Return exactly the span of lines in the following data that opens with the line containing "[공고] (제주사회적경제지원센터) '소셜스타터" and closes with the line containing "Embrace the sun". Include nothing else.

(Records provided):
----

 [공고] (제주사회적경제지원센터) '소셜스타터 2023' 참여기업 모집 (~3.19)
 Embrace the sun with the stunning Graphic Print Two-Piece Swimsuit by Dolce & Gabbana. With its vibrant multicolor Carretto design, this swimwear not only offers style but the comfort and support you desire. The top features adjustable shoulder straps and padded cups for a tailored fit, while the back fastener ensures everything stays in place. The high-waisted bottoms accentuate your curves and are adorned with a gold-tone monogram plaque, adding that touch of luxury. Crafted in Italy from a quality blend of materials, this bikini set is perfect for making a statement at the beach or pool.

----

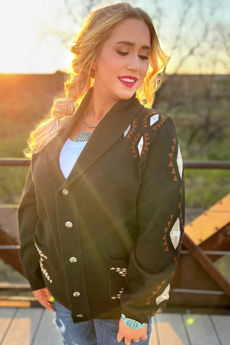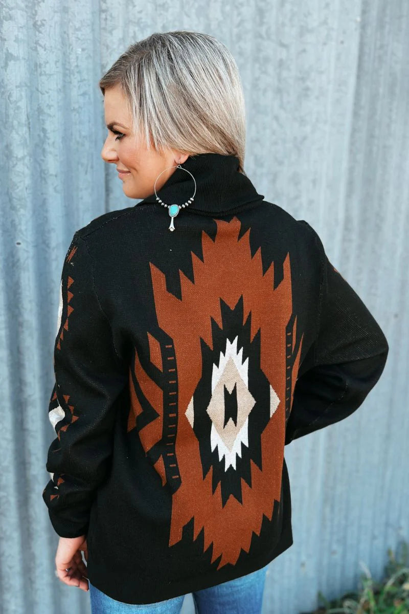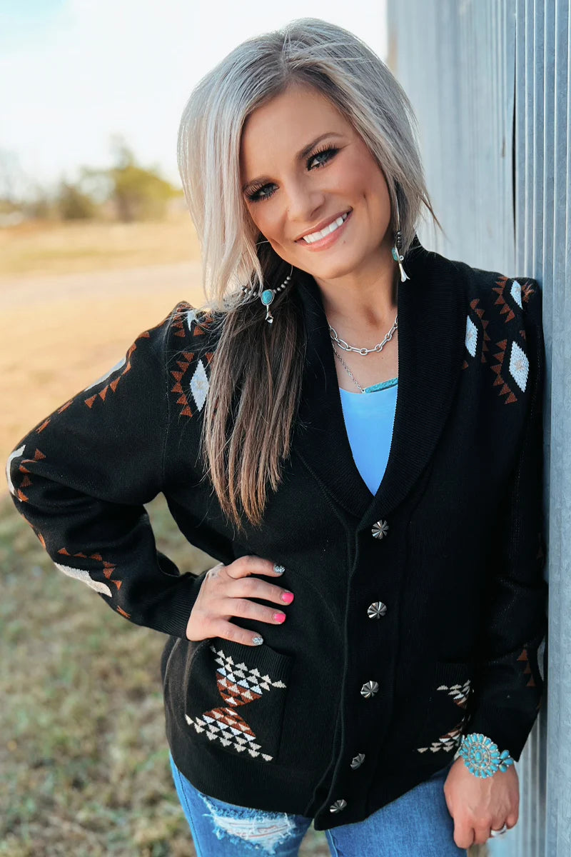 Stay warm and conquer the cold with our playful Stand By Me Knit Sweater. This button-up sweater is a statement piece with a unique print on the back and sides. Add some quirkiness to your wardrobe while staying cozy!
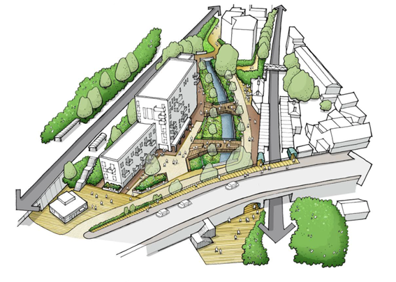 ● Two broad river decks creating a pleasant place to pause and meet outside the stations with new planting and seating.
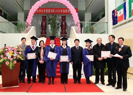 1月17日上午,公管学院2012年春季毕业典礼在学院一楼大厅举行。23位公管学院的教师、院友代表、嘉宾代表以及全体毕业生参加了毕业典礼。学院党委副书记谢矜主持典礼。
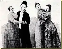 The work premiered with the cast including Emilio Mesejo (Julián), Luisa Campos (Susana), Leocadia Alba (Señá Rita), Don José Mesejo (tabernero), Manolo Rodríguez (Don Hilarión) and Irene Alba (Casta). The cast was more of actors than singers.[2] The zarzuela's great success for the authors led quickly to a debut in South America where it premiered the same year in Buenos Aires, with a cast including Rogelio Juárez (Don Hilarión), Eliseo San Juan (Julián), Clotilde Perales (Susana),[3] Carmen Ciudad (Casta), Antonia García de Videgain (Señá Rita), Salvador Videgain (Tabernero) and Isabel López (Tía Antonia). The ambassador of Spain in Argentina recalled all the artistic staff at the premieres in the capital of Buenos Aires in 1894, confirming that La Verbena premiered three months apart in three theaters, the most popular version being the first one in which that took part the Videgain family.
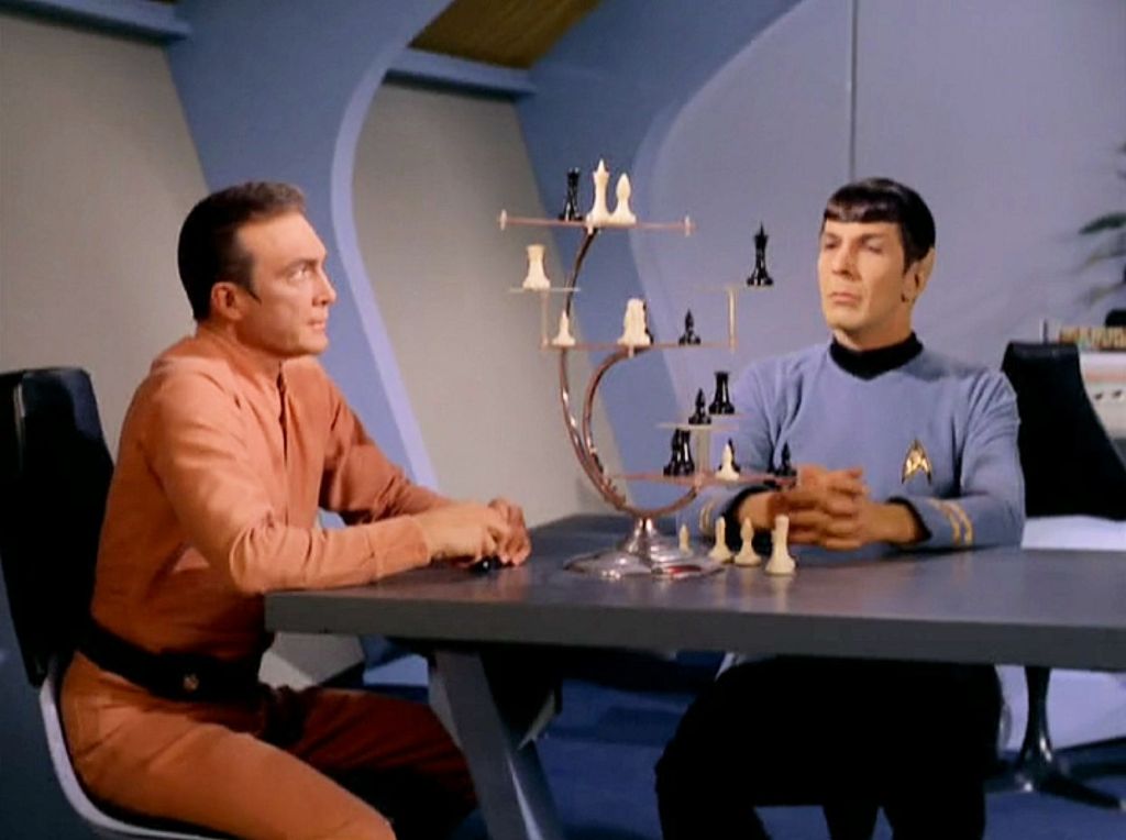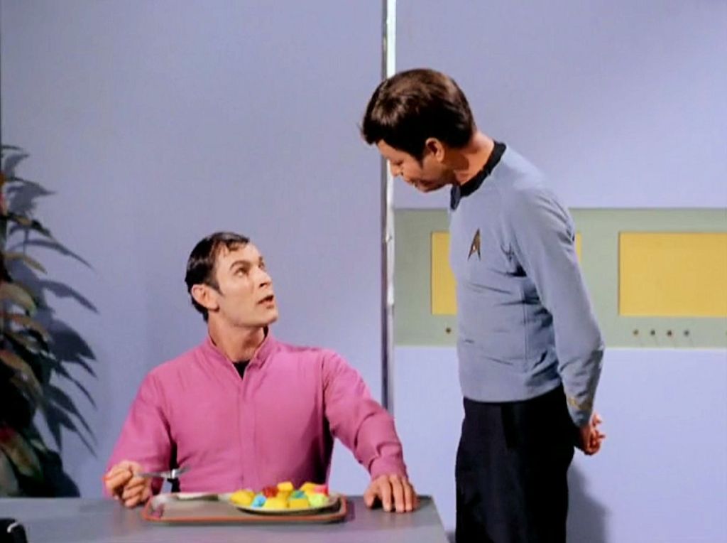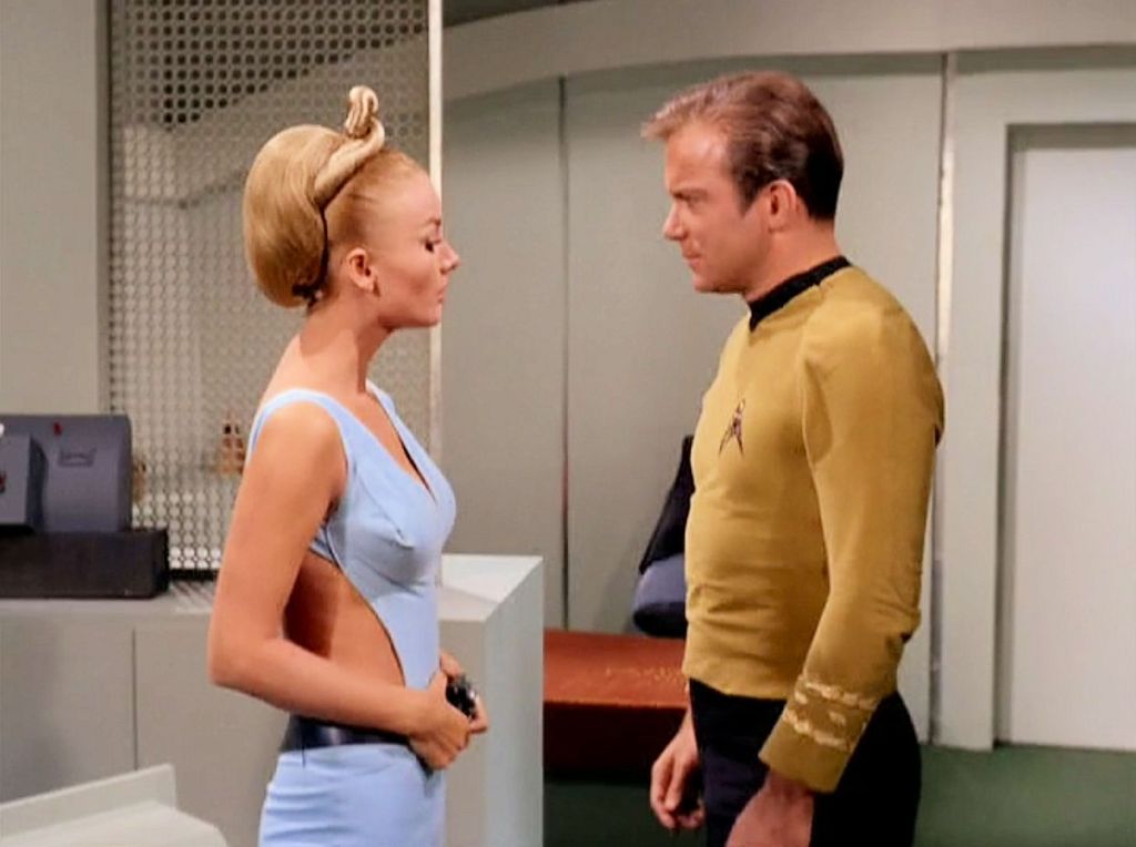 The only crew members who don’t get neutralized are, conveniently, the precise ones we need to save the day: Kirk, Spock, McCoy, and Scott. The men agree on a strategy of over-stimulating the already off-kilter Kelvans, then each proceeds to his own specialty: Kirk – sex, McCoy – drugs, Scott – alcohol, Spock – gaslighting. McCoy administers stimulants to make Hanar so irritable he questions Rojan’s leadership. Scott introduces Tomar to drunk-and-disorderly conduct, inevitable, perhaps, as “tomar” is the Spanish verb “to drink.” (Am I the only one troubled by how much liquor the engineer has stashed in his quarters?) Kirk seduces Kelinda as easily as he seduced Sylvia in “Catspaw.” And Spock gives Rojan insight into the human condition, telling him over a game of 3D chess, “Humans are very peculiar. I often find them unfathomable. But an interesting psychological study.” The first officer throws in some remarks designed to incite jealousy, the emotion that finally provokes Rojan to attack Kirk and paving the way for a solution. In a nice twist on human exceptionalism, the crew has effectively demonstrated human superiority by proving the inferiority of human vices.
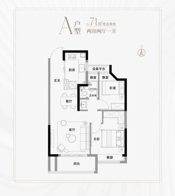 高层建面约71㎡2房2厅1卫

----

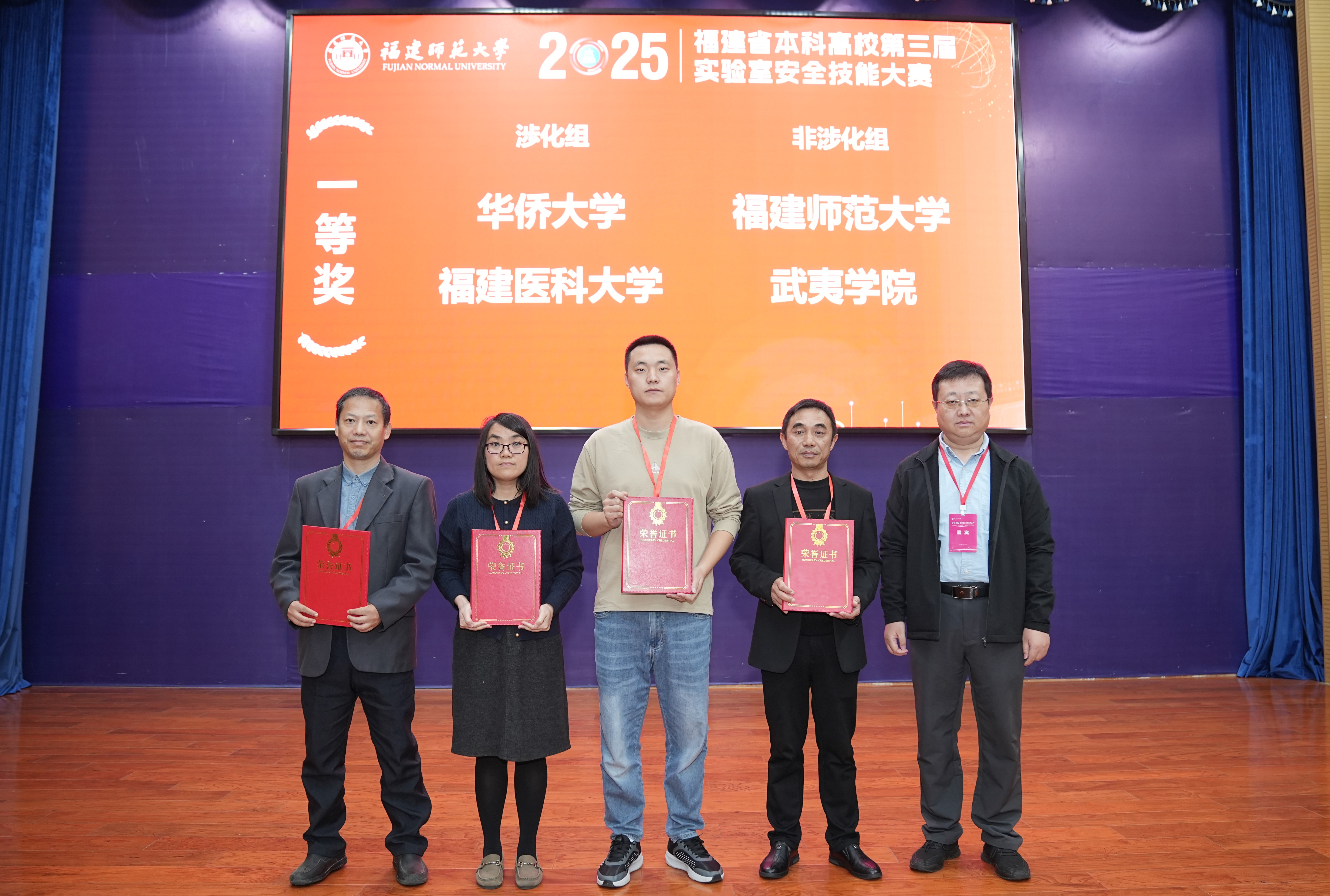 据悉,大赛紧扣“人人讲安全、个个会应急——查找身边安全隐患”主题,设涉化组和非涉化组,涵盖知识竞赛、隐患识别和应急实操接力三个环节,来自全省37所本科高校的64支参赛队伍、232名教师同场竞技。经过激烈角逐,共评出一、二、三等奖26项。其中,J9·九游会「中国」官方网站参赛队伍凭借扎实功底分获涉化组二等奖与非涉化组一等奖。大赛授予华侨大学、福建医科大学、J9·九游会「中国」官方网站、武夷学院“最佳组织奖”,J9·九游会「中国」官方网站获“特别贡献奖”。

----

(Output of the task):
 [공고] (제주사회적경제지원센터) '소셜스타터 2023' 참여기업 모집 (~3.19)
 Embrace the sun with the stunning Graphic Print Two-Piece Swimsuit by Dolce & Gabbana. With its vibrant multicolor Carretto design, this swimwear not only offers style but the comfort and support you desire. The top features adjustable shoulder straps and padded cups for a tailored fit, while the back fastener ensures everything stays in place. The high-waisted bottoms accentuate your curves and are adorned with a gold-tone monogram plaque, adding that touch of luxury. Crafted in Italy from a quality blend of materials, this bikini set is perfect for making a statement at the beach or pool.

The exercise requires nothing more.